Personal details
- Born: 16 September 1930 Bombay, Bombay Presidency, British India (now Mumbai, Maharashtra, India)
- Died: 29 August 2024 (aged 93) Mumbai, Maharashtra, India
- Alma mater: Government Law College, Mumbai
- Profession: Lawyer, political commentator

= A. G. Noorani =

Indian lawyer, historian and author (1930–2024)

Abdul Ghafoor Majeed Noorani (16 September 1930 – 29 August 2024), better known as A. G. Noorani, was an Indian scholar, lawyer and political commentator. He practised as an advocate in the Supreme Court of India and in the Bombay High Court.

==Early life and education==
Noorani was born in Bombay (now Mumbai) on 16 September 1930. He attended a Jesuit school, St.
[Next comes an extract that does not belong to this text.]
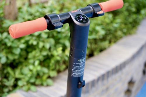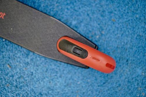 从实拍图片可以看出,九号电动滑板车ES1L整车外观采用典雅黑和活力橙撞色设计,将稳重与活力交织与一体,看起来更青春活力。握把和挡泥板采用大面积橙色,相比之前的黑色也更动感。

Mary's, and got his law degree from Government Law College, Mumbai.

==Career==
Noorani's columns have appeared in various publications, including Hindustan Times, The Hindu, Dawn, The Statesman, Frontline, Economic and Political Weekly and Dainik Bhaskar.
He is the author of a number of books including: The Kashmir Question, Badruddin Tyabji Ministers' Misconduct, Brezhnev's Plan for Asian Security, The Presidential System, The Trial of Bhagat Singh, Constitutional Questions in India and The RSS and the BJP: A Division of Labour (LeftWord Books, 2000). He has also authored the biographies of Badruddin Tyabji and Dr. Zakir Husain.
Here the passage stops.